Task to carry out: Using the records below, output the stretch that opens with the line containing "frog on a leaf" and closes with the line containing "The Teacher Tracker", exactly and including both lines, with nothing more.
(Recorded data)
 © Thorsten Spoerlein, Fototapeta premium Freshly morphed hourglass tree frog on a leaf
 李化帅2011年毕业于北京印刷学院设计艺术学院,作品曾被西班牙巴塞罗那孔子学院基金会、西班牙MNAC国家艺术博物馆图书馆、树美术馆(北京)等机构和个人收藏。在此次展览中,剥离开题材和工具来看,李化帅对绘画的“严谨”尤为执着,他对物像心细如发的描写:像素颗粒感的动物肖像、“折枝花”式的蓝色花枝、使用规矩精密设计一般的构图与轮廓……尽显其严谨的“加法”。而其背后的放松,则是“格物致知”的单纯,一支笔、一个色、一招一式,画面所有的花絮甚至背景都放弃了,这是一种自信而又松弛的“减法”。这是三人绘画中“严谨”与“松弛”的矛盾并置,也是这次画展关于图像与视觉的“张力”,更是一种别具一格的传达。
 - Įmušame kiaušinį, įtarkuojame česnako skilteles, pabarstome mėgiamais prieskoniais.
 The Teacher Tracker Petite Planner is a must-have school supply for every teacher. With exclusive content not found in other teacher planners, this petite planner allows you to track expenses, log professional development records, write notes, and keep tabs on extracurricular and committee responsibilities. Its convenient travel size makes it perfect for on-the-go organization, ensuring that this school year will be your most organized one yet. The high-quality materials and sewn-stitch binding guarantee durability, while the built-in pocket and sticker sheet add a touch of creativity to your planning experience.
(End Recorded data)
(Recorded data)
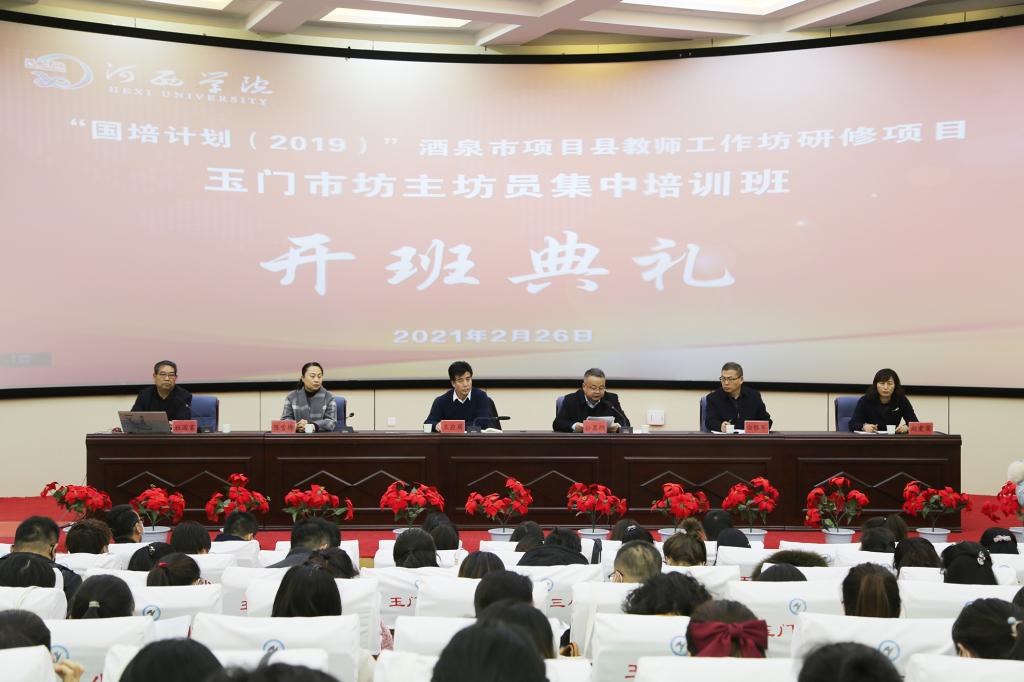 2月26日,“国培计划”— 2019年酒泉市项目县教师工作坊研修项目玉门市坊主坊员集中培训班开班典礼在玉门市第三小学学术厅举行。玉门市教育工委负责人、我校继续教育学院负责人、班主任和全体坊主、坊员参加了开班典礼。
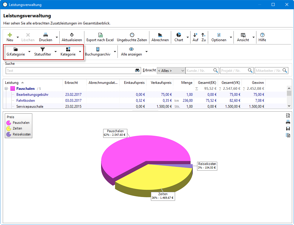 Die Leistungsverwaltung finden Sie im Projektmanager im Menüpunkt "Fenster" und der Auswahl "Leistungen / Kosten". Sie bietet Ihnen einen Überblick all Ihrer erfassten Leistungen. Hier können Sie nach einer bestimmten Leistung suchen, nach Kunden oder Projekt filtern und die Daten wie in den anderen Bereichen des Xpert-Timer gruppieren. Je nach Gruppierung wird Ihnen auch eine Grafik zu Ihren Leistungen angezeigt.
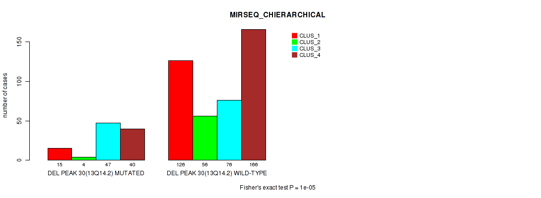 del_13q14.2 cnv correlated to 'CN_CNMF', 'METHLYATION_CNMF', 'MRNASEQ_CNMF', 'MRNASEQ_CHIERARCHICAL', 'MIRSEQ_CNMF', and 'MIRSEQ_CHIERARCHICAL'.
(End Recorded data)
Your response:
 © Thorsten Spoerlein, Fototapeta premium Freshly morphed hourglass tree frog on a leaf
 李化帅2011年毕业于北京印刷学院设计艺术学院,作品曾被西班牙巴塞罗那孔子学院基金会、西班牙MNAC国家艺术博物馆图书馆、树美术馆(北京)等机构和个人收藏。在此次展览中,剥离开题材和工具来看,李化帅对绘画的“严谨”尤为执着,他对物像心细如发的描写:像素颗粒感的动物肖像、“折枝花”式的蓝色花枝、使用规矩精密设计一般的构图与轮廓……尽显其严谨的“加法”。而其背后的放松,则是“格物致知”的单纯,一支笔、一个色、一招一式,画面所有的花絮甚至背景都放弃了,这是一种自信而又松弛的“减法”。这是三人绘画中“严谨”与“松弛”的矛盾并置,也是这次画展关于图像与视觉的“张力”,更是一种别具一格的传达。
 - Įmušame kiaušinį, įtarkuojame česnako skilteles, pabarstome mėgiamais prieskoniais.
 The Teacher Tracker Petite Planner is a must-have school supply for every teacher. With exclusive content not found in other teacher planners, this petite planner allows you to track expenses, log professional development records, write notes, and keep tabs on extracurricular and committee responsibilities. Its convenient travel size makes it perfect for on-the-go organization, ensuring that this school year will be your most organized one yet. The high-quality materials and sewn-stitch binding guarantee durability, while the built-in pocket and sticker sheet add a touch of creativity to your planning experience.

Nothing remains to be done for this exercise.